Unsaturated soil mechanics with probability and statistics

Soil is fundamentally a multi-phase material - consisting of solid particles, water and air. In soil mechanics and geotechnical engineering it is widely treated as an elastic, elastoplastic or visco-elastoplastic material, and consequently regarded as a continuum body. However, this book explores an alternative approach, considering soil as a multi-phase and discrete material and applying basic Newtonian mechanics rather than analytical mechanics. It applies microscopic models to the solid phase and fluid phases, and then introduces probability theory and statistics to derive average physical quantities which correspond to the soil's macroscopic physical properties such as void ratio and water content. This book is particularly focused on the mechanical behaviour of dry, partially saturated and full saturated sandy soil, as much of the physicochemical microscopic characteristic of clayey soil is still not clear.
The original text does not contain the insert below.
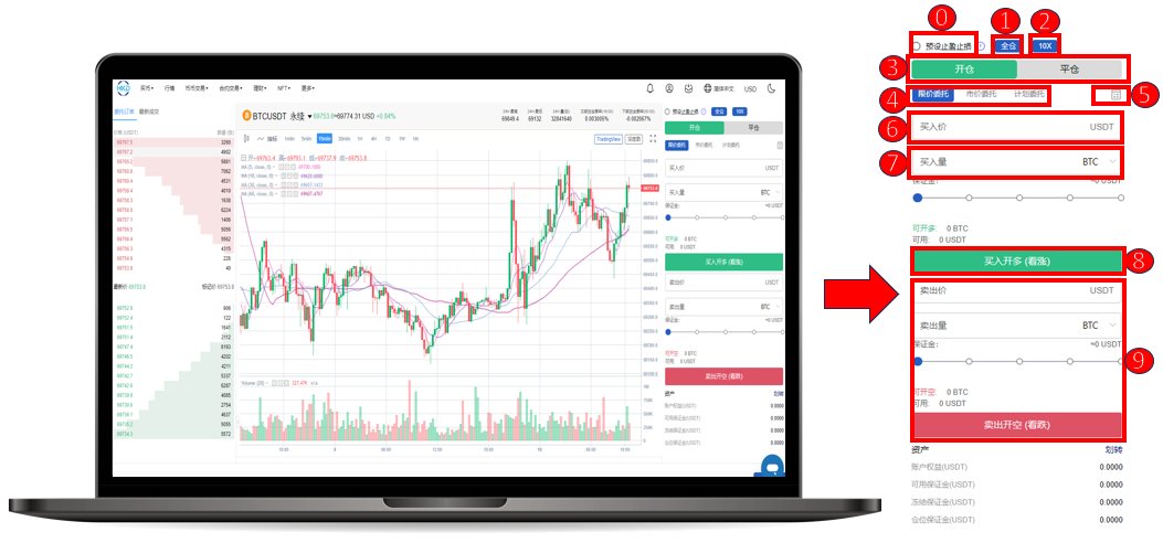 ⑦ 输入开仓数量,可选择以【 BTC 】数量,【 USDT 】或 【 张数 】进行开仓,系统会按照选择类型进行计算保证金。
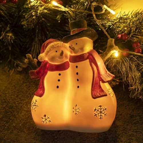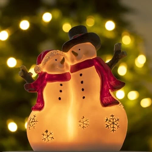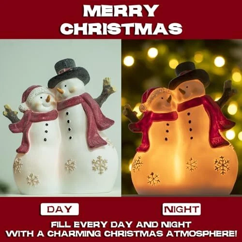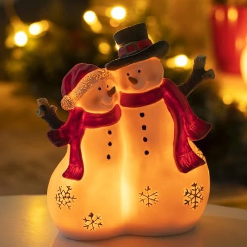 Christmas Decor Snowman Figurines Resin Lighted Indoor Ornaments Snowman Couple

It explores the inter-particle forces at the point of contact of soil particles and the resultant inter-particle stresses, instead of the total stress and effective stress which are studied in mainstream soil mechanics. Deformation and strength behaviour, soil-water characteristic curves, and permeability coefficients of water and air are then derived simply from grain size distribution, soil particle density, void ratio and water content. A useful reference for consultants, professional engineers, researchers and public sector organisations involved in unsaturated soil tests. Advanced undergraduate and postgraduate students on Unsaturated Soil Mechanics courses will also find it a valuable text to study.

Introduction. Review of probability theory and statistics applicable to soil. Microscopic models of soil using probabilistic distributions. Microscopic physical quantities derived from void ratio and probability distributions. Inter-particle force vectors and inter-particle stress vectors. Modeling of pore water retention by elementary particulate model (EPM). Modeling of pore water and pore air flows by elementary particulate model (EPM). Stability analysis by proposed model. Deformation analysis using proposed models. Numerical simulation for saturated-unsaturated soil tests. Issues to be solved in future. Index.